|Think Like a Data Scientist|
Author: Brian Godsey
Everyone seems to want to be a data scientist at the moment. Does this book help?
A data scientist used to be called a statistician. I'm not completely sure why there was a need for a change but I suppose the new name reflects the deeper connection with computers. This book promises to take you step-by-step though the process, but I'm not at all sure that there is a process. The best data science is creative and probably requires you to step outside of the process - if there is one.
So what do you need to know to be a data scientist?
According to the first chapter of the book you don't need to be a statistician and you don't need to be a programmer. As far as I can make out the author thinks that you simply have want to be a data scientist and be bright enough to think hard. This is like saying that you don't need to have a good voice to sing. It could be true occasionally, but it isn't particularly helpful.
I can understand the need to encourage the reader, but as far as I'm concerned there is little point in covering up the fact that you really do need a good understanding of statistics and programming. More important is a skill with analytical thinking and preferably a good grounding in math - after all it is data science.
Chapter 2 continues on in this vague and consoling way and discusses some general issues of dealing with clients and some about dealing with data. "Ask good questions" seems to be the motto, but how you arrange to answer them is something you have to work out for yourself.
Chapter 3 is about the forms that data takes - HTML, XML, json and so on. You might not need to be a programmer, but it seems you need to know a lot of things that programmers have to know about. The point is that none of these things is covered in any depth. It is almost as if it is enough to know they exist. Of course this is much to little to even get by, let alone do something useful. Chapter 4 continues the data focus with a look at a case study.
Chapter 5 starts to look at the statistics that you apparently don't need to know much about. What we have is a quick look at some simple descriptive statistics mixed with a few "handy tricks". This just isn't enough information.
The second part of the book, "Building a product with software and statistics", is very strange. What exactly is the product? No, it isn't about recommender systems, it is about statistics. After a quick review in Chapter, 6 we dive into statistics in chapter 7. The dive in question is a bit of a disappointment because the water isn't at all deep. The discussion of Bayesian v Frequentist left me in a state of complete shock.

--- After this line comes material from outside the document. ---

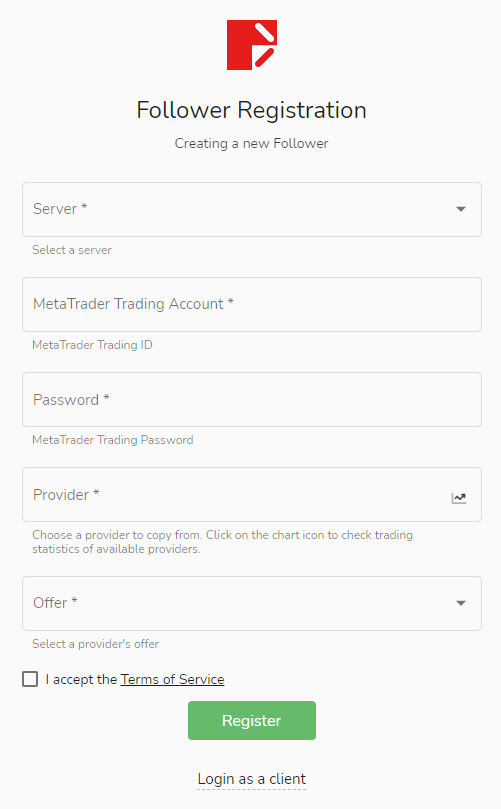 Sau khi đăng ký thành công người theo dõi, hãy nhấp vào [Thêm người theo dõi] ở trên cùng bên phải của trang chính, sau đó lần lượt điền vào [Tài khoản giao dịch], [Nguồn tín hiệu] và [Điều kiện sao chép] và chọn [Tôi chấp nhận điều khoản dịch vụ] .

To say that Bayesians are more about probability than the Frequentists is simply crazy. Frequentists are the ones who demand that probabilities are actually verifiable rather than a stand-in for belief or subjective certainty. Why bring up such a contentious topic if it is goingt to be dismissed in a few paragraphs that don't adequately explain what each approach is all about? At the end of the chapter we are treated to tiny accounts of clustering, component analysis and the inevitable machine learning. None of which are enough to let you grasp even the basics of any of them.
Chapter 8 is about software - spreadsheets, programming and lots of generalities. Chapter 9 introduces databases, cloud services and big data technologies. Chapter 10 is about managing your project and has a brief discussion of significance; why no mention of power? Again we have lots of fairly useless tips and tricks and very little to explain what is going on.
Part 3 of the book is about finishing off the product, i.e the data analyisis, and wrapping up. Chapter 11 is about presenting your results to the customer. Chapter 12 is about responding to the customer and Chapter 13 deals with documenting and archiving your work and drawing lessons from it.
This is a very simple book that doesn't seem to set out to teach you anything much about the essential skills needed in data analysis like probability, statistics or math. It doesn't tell you anything serious about programming or even about using statistical software. It is a long distance view of the subject of the sort that you might need if you were trying to bluff your way through. There is a lot of advice based on experience, but for me it all seemed far to specific too generalize well or far too general not to be common sense. None of the statistical topics are covered in enough detail for the reader to understand what is being said (unless they already know) and none of the programming/software issues are made at all clear. If you are looking for a book that skirts around the material of data science this is it.
|Last Updated ( Tuesday, 10 October 2017 )|